How to complete this task >>
What is needed is an exact reproduction of the listing, without its pictures.

Collected data >>
*** Block opens ***

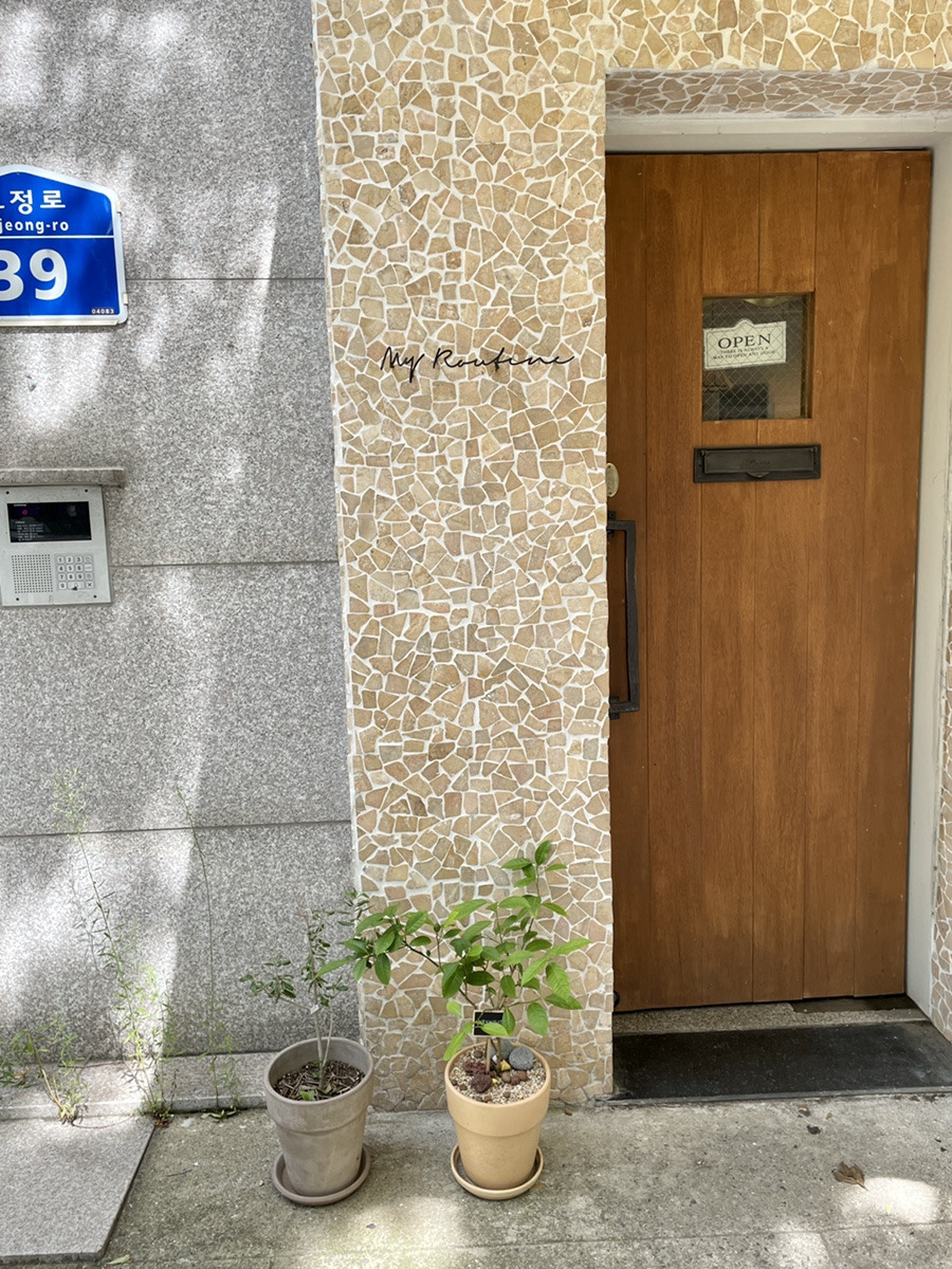 날이 좋아서였는지, 나가는 길에도 예쁨이 묻어났습니다. 화창한 날씨가 카페 문 앞까지 밝게 비춰줘서 마음까지 따뜻했어요. 아무 계획도 없이, 아무 정보도 없이 카페에 들어가는 일은 저에게 굉장히 드문 일이었습니다. 그래서 그 날은 무심코 산책을 떠났던 순간부터 처음 보는 카페에 들어가는 일까지 약간의 용기가 필요한 일이었어요. 정해진 일정은 없지만, 그럼에도 일상을 벗어나는 일이라는 생각이 들었거든요.
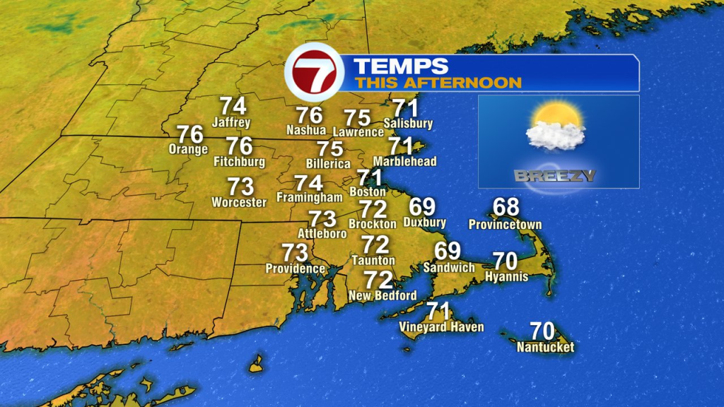 At present, highs attain the low to mid 70s with the best air on the coast. It’ll be dry from begin to end with partly to principally sunny skies. The breeze gusts 20-30mph, strongest for the Cape and Islands. The breeze diminishes late afternoon into this night, permitting for temps to tumble tonight.
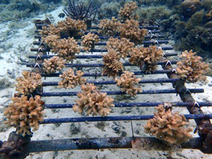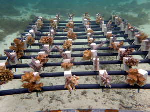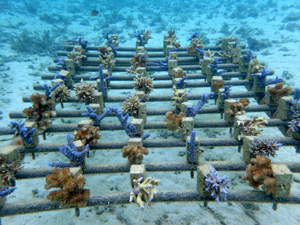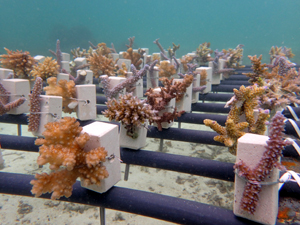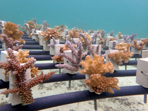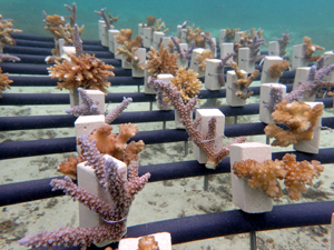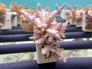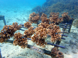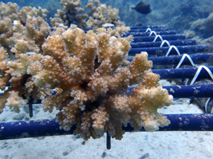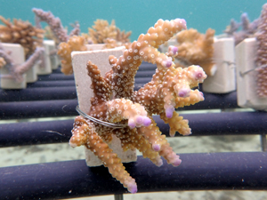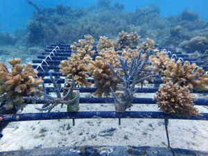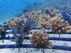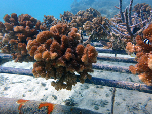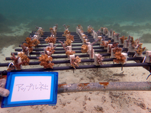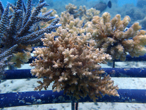 | 2023年3月1日 植付けから10ヶ月経過、水温21.8° 今回は白化が一番少なかった別の場所にある養殖場へ畑を大移動しました。少しでも影響を無くすための決断です。 無事生き残った苗たちをまずこの場所になじませ安定させていきます。 |
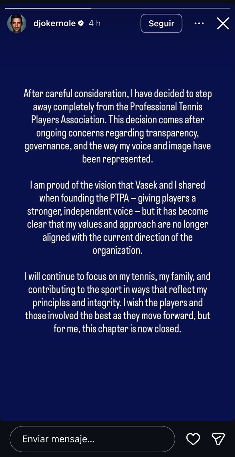 Novak Djokovic decidió renunciar a La Asociación de Jugadores Porfsionales de Tenis (PTPA), la cual reúne a los 500 mejores del mundo a nivel ATP y WTA. Fue fundada por el serbio y Vasek Pospisil en 2021.El ex número uno, emitió un comunicado en sus redes sociales y se retiró del sindicato. El comunicado“Tras considerarlo detenidamente, he decidido retirarme por completo de la Asociación de Tenistas Profesionales. Esta decisión surge tras las persistentes preocupaciones sobre la trasparencia, la gobernanza y la forma en que se han representado mi voz e imagen”, expresó.“Estoy orgulloso de la visión que Vasek y yo compartimos al fundar la PTPA (dar a los jugadores una voz más fuerte e independiente),pero ha quedado claro que mi valores y mi enfoque ya no están alineados con la dirección actual de la organización”, siguió.“Seguiré centrándome en mi tenis, mi familia y contribuyendo al deporte de maneras que reflejen mis principios e integridad. Les deseo a los jugadores y a todos los involucrados lo mejor en su futuro, pero para mí, este capítulo ya está cerrado”, finalizó. La Voz

*** Block closes ***

Written solution >>
 날이 좋아서였는지, 나가는 길에도 예쁨이 묻어났습니다. 화창한 날씨가 카페 문 앞까지 밝게 비춰줘서 마음까지 따뜻했어요. 아무 계획도 없이, 아무 정보도 없이 카페에 들어가는 일은 저에게 굉장히 드문 일이었습니다. 그래서 그 날은 무심코 산책을 떠났던 순간부터 처음 보는 카페에 들어가는 일까지 약간의 용기가 필요한 일이었어요. 정해진 일정은 없지만, 그럼에도 일상을 벗어나는 일이라는 생각이 들었거든요.
 At present, highs attain the low to mid 70s with the best air on the coast. It’ll be dry from begin to end with partly to principally sunny skies. The breeze gusts 20-30mph, strongest for the Cape and Islands. The breeze diminishes late afternoon into this night, permitting for temps to tumble tonight.
 | 2023年3月1日 植付けから10ヶ月経過、水温21.8° 今回は白化が一番少なかった別の場所にある養殖場へ畑を大移動しました。少しでも影響を無くすための決断です。 無事生き残った苗たちをまずこの場所になじませ安定させていきます。 |
 Novak Djokovic decidió renunciar a La Asociación de Jugadores Porfsionales de Tenis (PTPA), la cual reúne a los 500 mejores del mundo a nivel ATP y WTA. Fue fundada por el serbio y Vasek Pospisil en 2021.El ex número uno, emitió un comunicado en sus redes sociales y se retiró del sindicato. El comunicado“Tras considerarlo detenidamente, he decidido retirarme por completo de la Asociación de Tenistas Profesionales. Esta decisión surge tras las persistentes preocupaciones sobre la trasparencia, la gobernanza y la forma en que se han representado mi voz e imagen”, expresó.“Estoy orgulloso de la visión que Vasek y yo compartimos al fundar la PTPA (dar a los jugadores una voz más fuerte e independiente),pero ha quedado claro que mi valores y mi enfoque ya no están alineados con la dirección actual de la organización”, siguió.“Seguiré centrándome en mi tenis, mi familia y contribuyendo al deporte de maneras que reflejen mis principios e integridad. Les deseo a los jugadores y a todos los involucrados lo mejor en su futuro, pero para mí, este capítulo ya está cerrado”, finalizó. La Voz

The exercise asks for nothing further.